ADVANCED: special registry keys

Except for regular file types the shell allows other kinds of objects to have verbs, too, something that is not immediately straightforward to understand. For instance any verbs added under HKEY_CLASSES_ROOT\* will apply to all objects. That can be useful for adding e.g. an "edit" verb that would appear in the context menu of all documents, whether text, source code or whatever. A side effect is that this verb would also appear for unsuitable objects, like executable files.

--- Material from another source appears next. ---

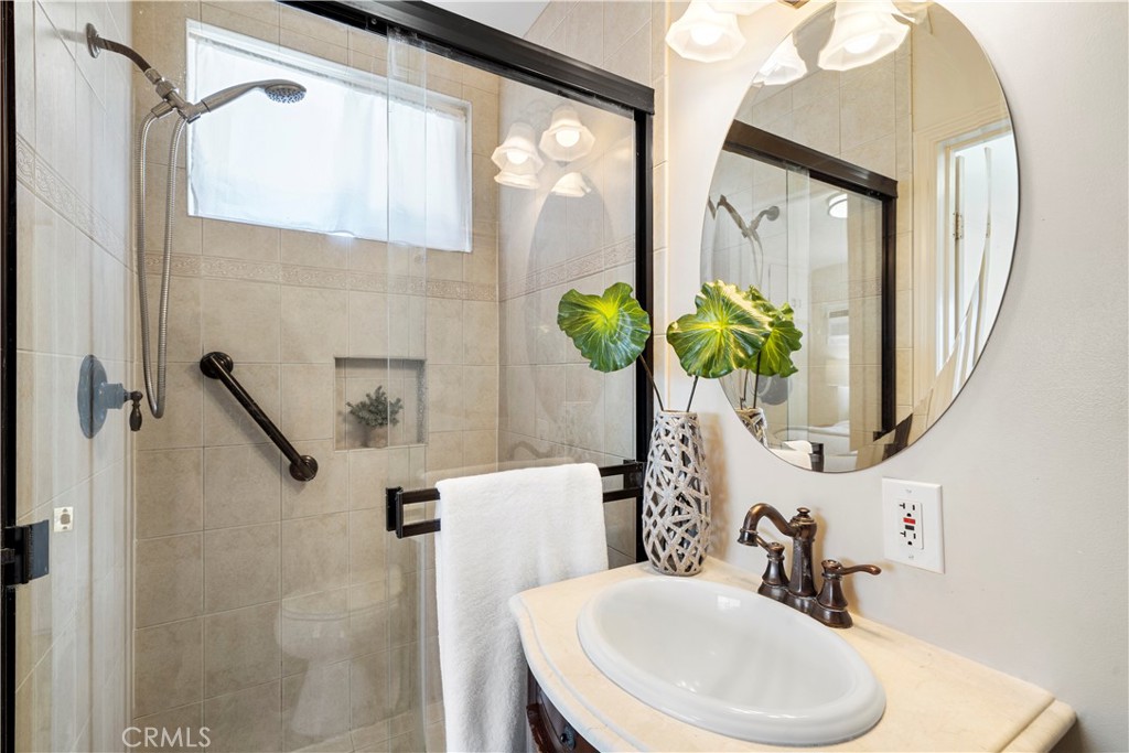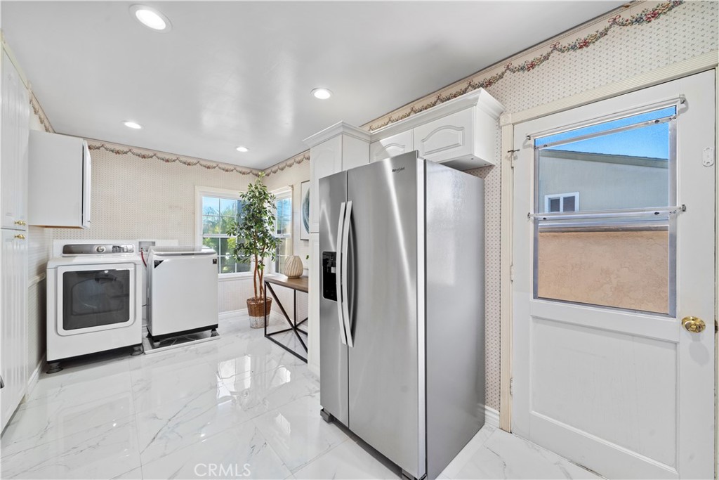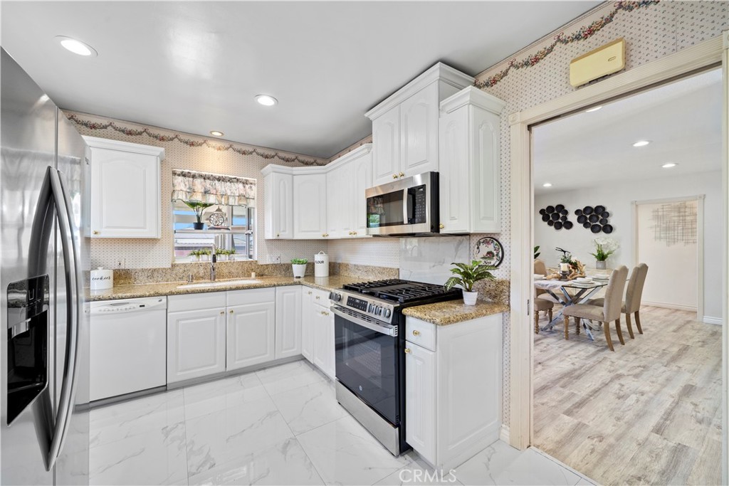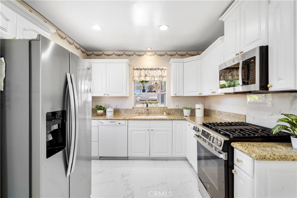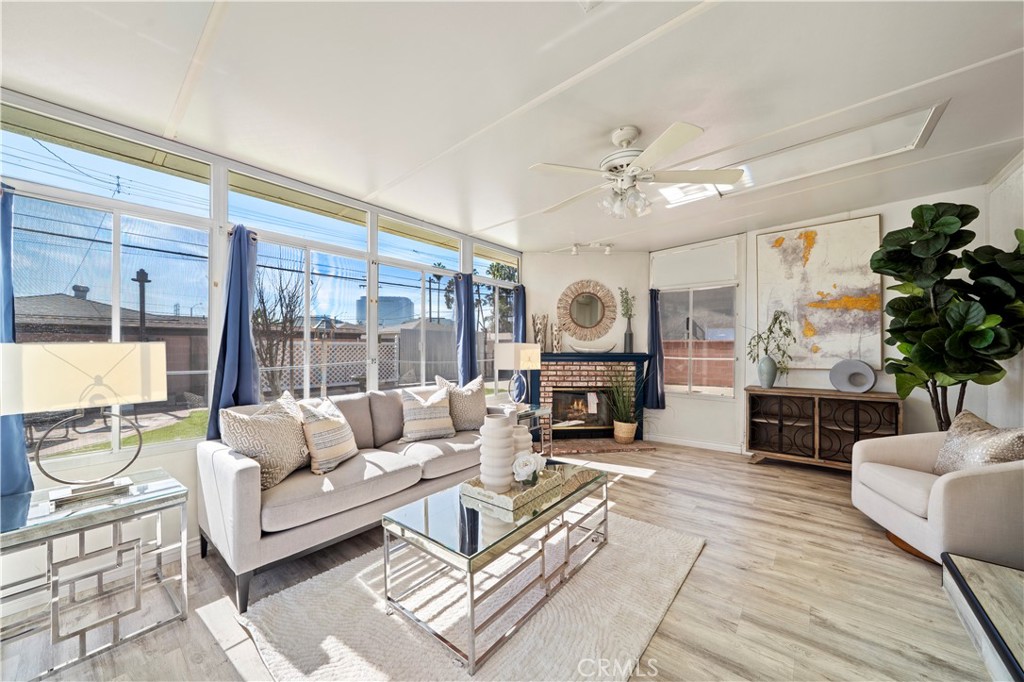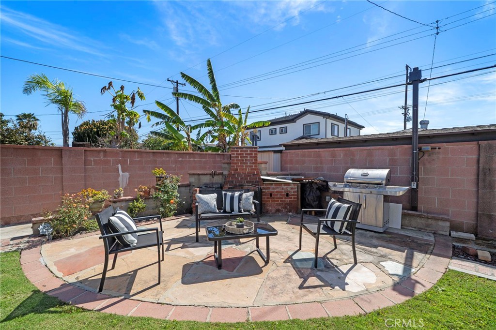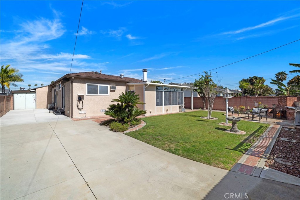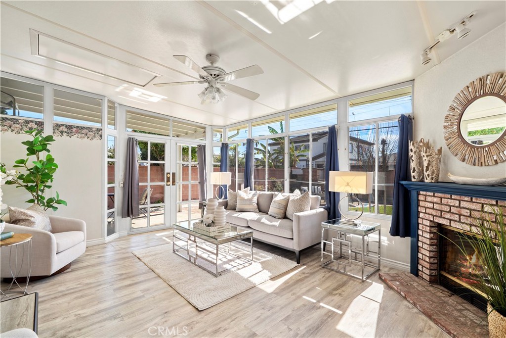 Wow! What a find! This absolutely charming, upgraded, and expanded single story home is located in the best Midway City neighborhood, one block from Huntington Beach, in an award-winning school zone, and has both a front driveway to a two-car garage AND a gated back driveway with alley access that can park 6 more cars or RV and includes a Tesla charging station. This sweet dream home offers 3 bedrooms, 2 bathrooms, and a total of 1,297 SQFT of the house – that includes: 1,059 SQFT, original home size, PLUS a beautiful 238 square foot sunroom with fireplace, ceiling fan, and French Doors opening to a pristine wrap-around tranquil backyard that includes a covered patio, a 2nd flagstone patio with outdoor fireplace, lush lawn, brick-accented hardscape, manicure landscaping, blockwall fencing, a storage shed, and that exceptional back driveway with gates to alley. Such a great backyard for entertaining! Beautiful curb appeal and welcoming front porch greet you. Step inside to Luxury Vinyl Plank Flooring, extensive recessed lighting, dual pane windows, mini-split A/C, and a remodeled kitchen which boasts granite countertops, Carrera-marble-style flooring, custom white cabinetry, garden window, and stainless gas stove & microwave plus dishwasher & refrigerator. There is a beautiful breakfast nook dining area open to the kitchen that has washer/dryer hook-ups (laundry can be inside or in garage). Both bathrooms are remodeled with new vanities, fixtures, and tile flooring, designer tile surrounds, and glass enclosures. There is a tub/shower combo in one and walk-in shower in the primary suite. This lovely home is truly located in an exceptional neighborhood near Little Saigon, Old World, Golden West College, and Bella Terra, the beach, and has easy freeway access.

Another interesting key is HKEY_CLASSES_ROOT\Folder. Verbs added here will appear in the context menu of all folders (both filesystem and virtual). A serving suggestion here would be a "2xOpen" verb that could invoke 2xExplorer to open some folder. The following table has a list of some more interesting "file type" keys, where you can add or edit verbs for custom functionality:

HKCR KeyAffected object types
* All files
AllFileSystemObjects All regular files and file folders
Folder All folders, virtual and filesystem
Directory File folders
Drive Root folders of all system drives
Network Entire network
NetShare All network shares
Printers All printers

Shell object identification

Let us return to the shell namespace. In the old days when people only dealt with regular filesystem objects, a pathname was enough for identification, where folder names are separated by backslash '\' characters. Nowadays, such paths are still supported, but the shell internally uses the so called Item Identifier Lists, shortened to PIDLs. These are binary identifiers that consist of one or more SHITEMID structures:
struct SHITEMID { 
   USHORT cb;      // total size in bytes
   BYTE   abID[1]; // beginning of item identification data
};

Apart from its derogatory name <g> this is quite a simple data structure. It serves as a template for storing custom data you'd seldom use the abID member. The length of a SHITEMID is variable (held in the cb member) and it's content is completely up to the folder that manages the item. For example, some folder might use the next struct for identifying its items:
struct MyPidl {
   USHORT cb;
   DWORD  dwType;
   TCHAR  szDisplayName[40];
};

Notice that this struct also begins with the cb member which holds the total length in bytes (cb == sizeof(MyPidl)), followed by the real data held for the item. Here the folder implementor has opted to keep the item type as well as the name. Other folders may also opt to store more details like file size, modification date etc. The only requirement is for each idem to have a unique PIDL in the folder that contains it.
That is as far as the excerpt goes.